The bag rustled, then a sweaty bottle of soda appeared on her desk. She reached out for the salad, too, slow in her lingering disbelief. “And the salad is good, too. I don’t know what surprised me more, that you have a salad for lunch or that you’re giving it to me.”
He shrugged and set his sandwich on her desk. “I’m giving you a salad because a protein bar isn’t food.”
“I’m still going to eat it.” She pulled the salad across the desk toward her. The salad was a much better lunch than her nonbrownie. She often forgot to eat lunch, and her workday was almost always worse off for it.
“You can call it a crispy brownie and I’ll call it dessert and we’ll both pretend.”
She chuckled. “Okay. Want to split my dessert?”

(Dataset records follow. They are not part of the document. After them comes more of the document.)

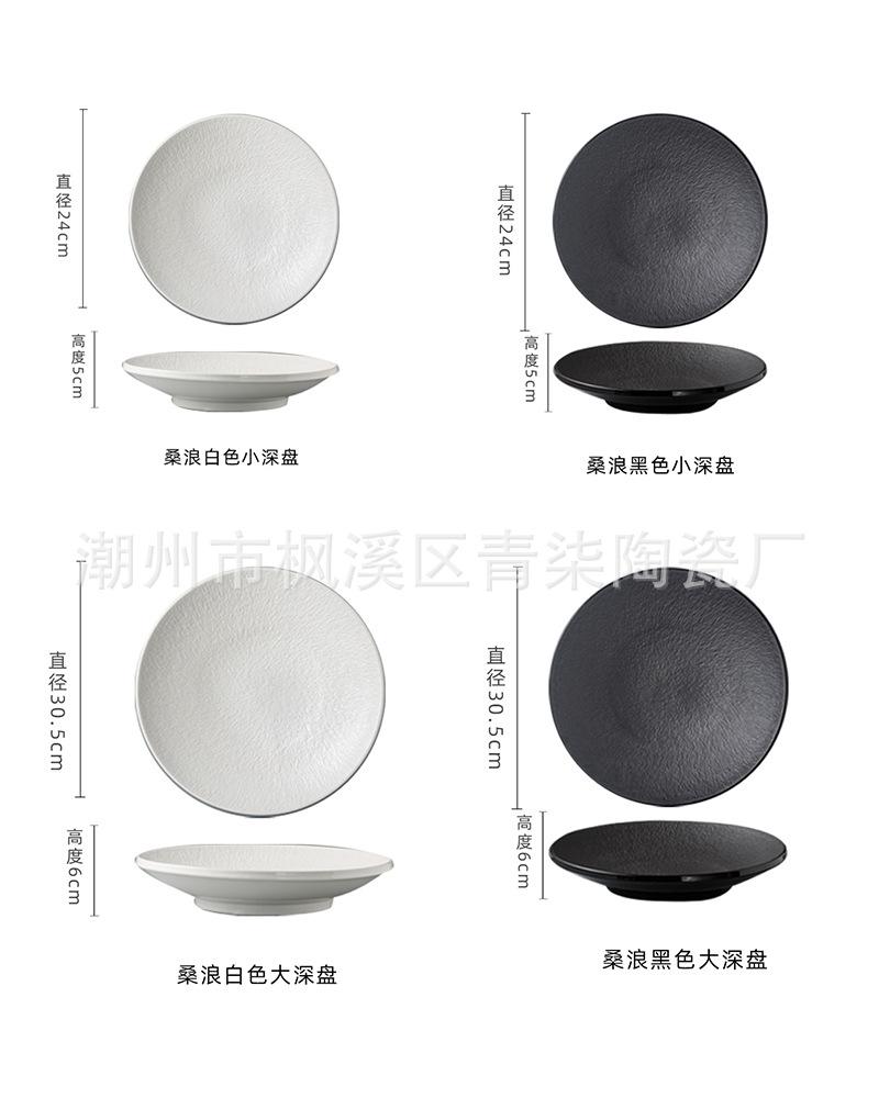 Mulberry Black deep plate 24cm, Mulberry white deep plate 24cm, Sang wave Black deep plate 30.5cm, Mulberry wa...
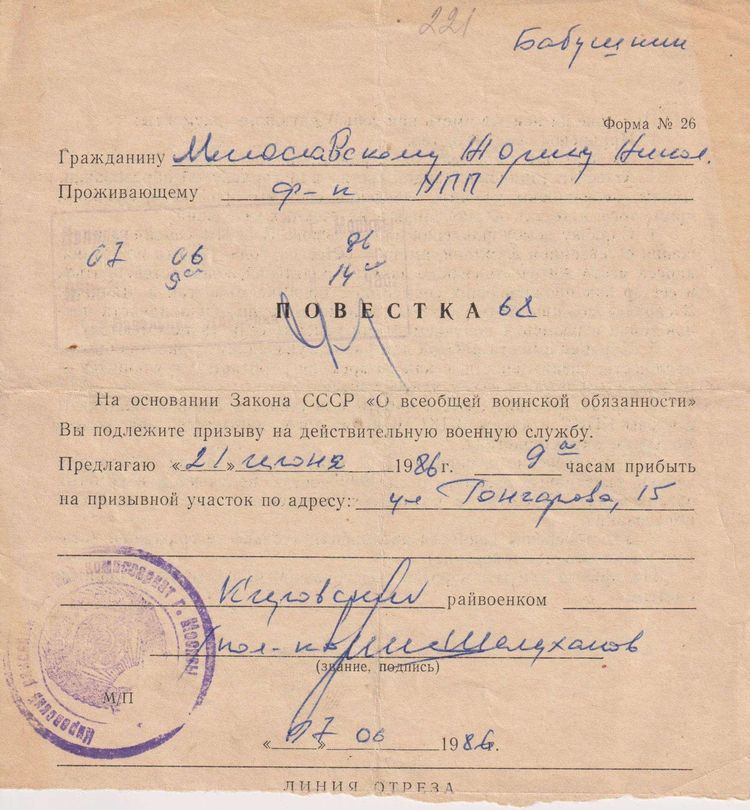 Подсунутая мне под нос повестка была оформлена по всем правилам, она обязывала меня явиться на призыв двадцать первого июня. Корешок требовал моей подписи о вручении. Раз такие дела, расписался в получении. Я не шибко боюсь службы, и я не уверен, что в обкоме поймут, если попытаюсь прикрыться ими и закосить. Тем более, что прецедентов небось не было, у нас несовершеннолетние не работают. Еще Миша Саенко в отпуске оказался до кучи. Таким вот образом через две недели я оказался на городском сборном пункте, а потом и в сапогах.
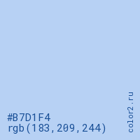 Цвет #B7D1F4 в цветовой модели RGB обозначается тремя октетами (183, 209, 244) в десятичном формате и #B7D1F4 в шестнадцатиричном (hex) формате, которые являются интенсивностью красного 183 (hex B7), интенсивность зелёного 209 (hex D1) и интенсивность синего 244 (hex F4).
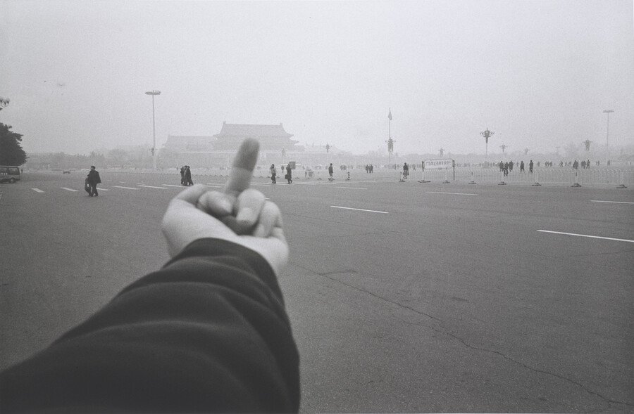 5. Отказ от страха Самый политически насыщенный кадр — Middle Finger to Tiananmen Square. Это не столько критика символа власти, сколько прямой жест в сторону пространства, где произошла одна из самых травматичных политических трагедий современной китайской истории. Жест становится вызовом самой структуре цензуры. Он рискован и потому особенно политичен: художник буквально показывает государству, что он не боится публичной позиции.
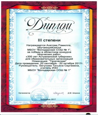Победители областного конкурса творческих работ " 300 лет Астраханской губернии." Руководитель: учитель ИЗО Бегунова Т.С. Поздравляем ребят с победой в конкурсе!
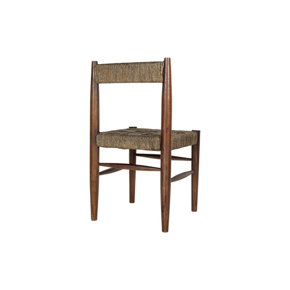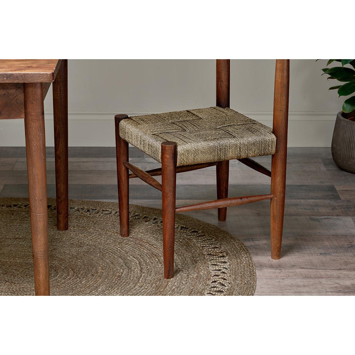 The simple design of the Raunak dining chair combines a solid Acacia wood frame in a dark walnut finish, with a simple woven seat made from Munja grass for a comfortable understated look. Made by carefully weaving the strong fibres around a framework, this chair is created using traditional artisanal skills. Munja grass grows in abundance along India's riverbanks. It has traditionally been used to make ropes and baskets and is a durable natural material with rich eco-friendly credentials.

“Ugh. No.” He shook his head. “I had a salad for my lunch because I’m not twenty-five anymore, and I need the vegetables more than I need the potato chips.” He unwrapped the waxed paper around his sandwich, and Marsie realized she must be hungrier than she’d imagined, because his sandwich looked delicious and she didn’t like ham and cheese.
“Well, thank you.” She cracked the plastic container open and poured dressing on the greens. The dressing was white. It could be Caesar or ranch or blue cheese. She didn’t know and she didn’t care. It wasn’t food that had been sitting in her desk drawer for months. “This was sweet of you. Want something to drink other than coffee, since you gave me your Coke?”
“Whatcha got?”
“Warm Diet Coke,” she said, which was apparently enough to stop him as he was lifting his lunch to his mouth.
“Warm?” he said.
“Warm,” she confirmed. “I love Diet Coke. Though it’s not as good when warm. So I keep cans under my desk. In an emergency, it’s there for me to drink, but the fact that it’s not cold keeps me from drinking it on days like today, when I would falsify data in exchange for a cold drink.”
“I’m glad it didn’t come to that.” He took a bite of his sandwich, chewing while she stabbed at her salad with a fork. She was taking a bite when he swallowed. “I guess that makes some amount of sense.”
“Only some?”
The warm soda fizzed when he popped the can open. “Some. I’m still going to drink it, but it makes about as much sense as me justifying an extra beer at the bar on Friday nights because I had salad for lunch.”